Cette histoire qui illustre la béatitude et la menace de 6,20.32 présente un exemple à éviter. Ce que Luc reproche au riche, ce n'est pas d'être riche, mais de n'avoir pas partagé ses biens, comme Dieu lui en faisait une obligation dans la Loi. Il n'a pas su réagir à temps (12,20 note).
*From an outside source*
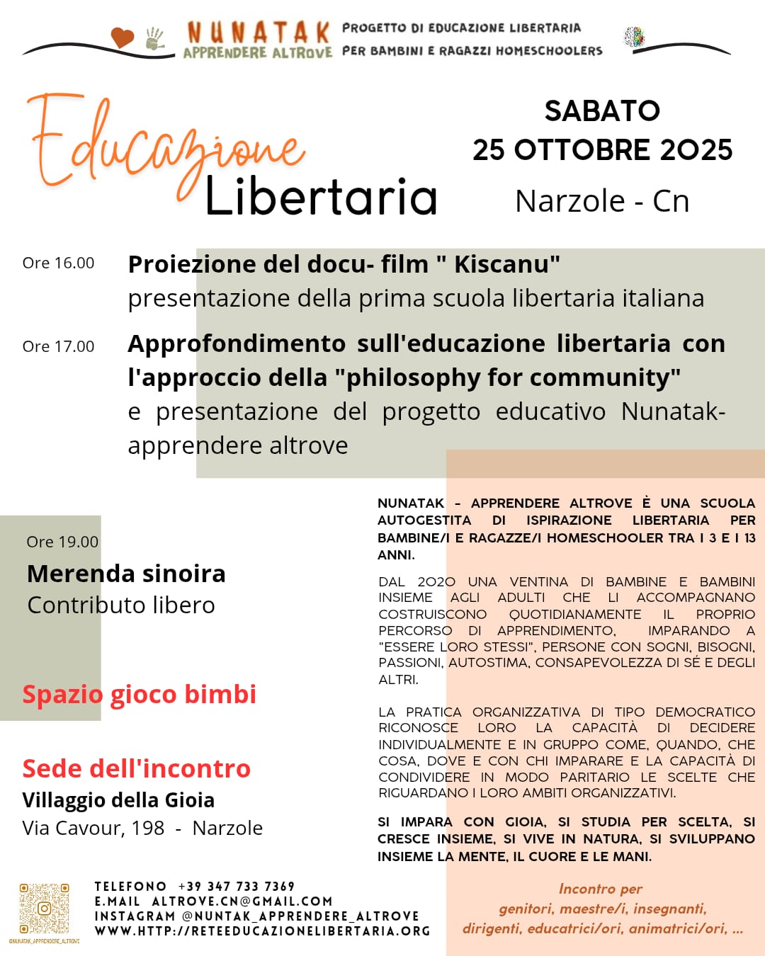 Educazione Libertaria Un pomeriggio per scoprire un modo speciale di imparare, crescere e vivere insieme. 🎬 Ore 16:00– Proiezione del docu-film “Kiscanu” La storia della prima scuola libertaria italiana. 💬 Ore 17:00– Approfondimento sull’educazione libertaria Con l’approccio “Philosophy for Community” e presentazione del progetto Nunatak – Apprendere Altrove. 🍞 Ore 19:00 – Merenda sinoira (contributo […]

Ce récit illustre la parabole du gérant malhonnête, où Jésus avait jugé peu habiles les fils de la lumière, ces Juifs qui disposaient de la lumière de la Loi. Il avait donné pour consigne de se faire des amis avec l'argent malhonnête (16,8-9): « Donne de ton argent, tu seras sauvé (19,8-10); garde-le, alors que je demande de le partager (16,9), tu ne recevras pas le bien véritable du salut » (16,11-12).

22

Auprès d'Abraham: littéralement: « Dans le sein d'Abraham ». Les Juifs se représentaient le bonheur éternel comme un banquet (14,15) auquel participent les patriarches (13,28-29). On y mangeait étendu sur un coussin, et la tête de chacun se trouvait près de la poitrine du voisin (13,23). « Être dans le sein d'Abraham » est donc une manière juive de dire « être à côté de lui, à la place d'honneur dans le festin céleste ».

23

Le riche prend une douloureuse conscience de son état en apercevant Lazare qui occupe au banquet une place de choix (voir 20,46b; 13,28). Les rôles sont intervertis: autrefois Lazare, gisant près de la porte qui, chez le riche, donnait accès aux grands banquets quotidiens (16,19-20), pouvait voir le riche festoyer. Maintenant Lazare - dont le nom signifie en hébreu « Dieu aide » - reçoit sa consolation. Il avait porté avec patience la pauvreté, en mettant toute sa confiance en Dieu (son seul aide); Dieu ne le déçoit pas (6,20).

24

Le riche se souvient qu'il a pour père Abraham (3,8); il tentera d'exploiter l'affection d'Abraham (16,24.27.30).- Le riche souffre de la soif, alors qu'il y a de l'eau là où se trouve Lazare. On songera au paradis merveilleusement irrigué par quatre fleuves (Gn 2,9-14), dans le Temple nouveau d'Ézéchiel d'où l'eau jaillit abondamment (Ez 47, 1); on pensera surtout à la source d'eau jaillissant en vie éternelle que Jésus promettait et qui abreuve maintenant Lazare (Jn 4,4; 7,37-39; Ap 22,1.2).

25

Une première demande du riche est rejetée. Le refus est aussitôt justifié: le comportement qu'ont eu sur terre Lazare et le riche explique leur situation actuelle. Le riche festoyait, sans partager avec le pauvre Lazare; il a reçu son bonheur durant sa vie (on songe aux hypocrites qui auront reçu des hommes leur récompense pour les aumônes, les prières et les jeûnes ostentatoires qu'ils auront faits: Mt 6,2.5.16). Lazare, par contre, ne reçoit que maintenant son bonheur, de la main de celui en qui il avait mis toute sa confiance. Au refus de partage qui avait marqué la vie du riche, répond maintenant un pareil refus de la part d'Abraham (6,38b).

27-29

Une seconde demande n'a pas plus de succès que la première. Le riche veut éviter un triste sort à ses cinq frères encore vivants. Mais que vaut le moyen suggéré pour atteindre cette fin? Moïse et les prophètes ont des choses merveilleuses sur le partage des biens (Is 58,7-10). Ces gens qui n'écoutent pas Moïse écouteront-ils Jésus ou quelque ressuscité (Lc 16,31) qui viendrait leur raconter des choses? Le malheureux riche manque de psychologie, au dire d'Abraham (16,31). La situation est nette: les cinq frères seront jugés par la Loi (Rm 2,12); s'ils n'ont pas cru en Moïse qui annonçait Jésus, ils auront Moïse lui même comme accusateur (Jn 5,45-47).

30-31

Les frères du riche, qui n'écoutent pas Moïse et les prophètes (qu'ils sont censés vénérer), n'écouteront pas davantage ce pauvre d'autrefois qui reviendrait de l'au-delà. Une authentique conversion qui conduirait ces riches à partager leurs biens ne résultera pas d'une telle apparition. - Au moment d'écrire ce texte, Luc sait bien que Jésus est ressuscité des morts et que son témoignage, rendu par les apôtres, n'a pas convaincu les riches ou les pharisiens qui sont amis de l'argent (16,14) qu'il fallait changer de vie.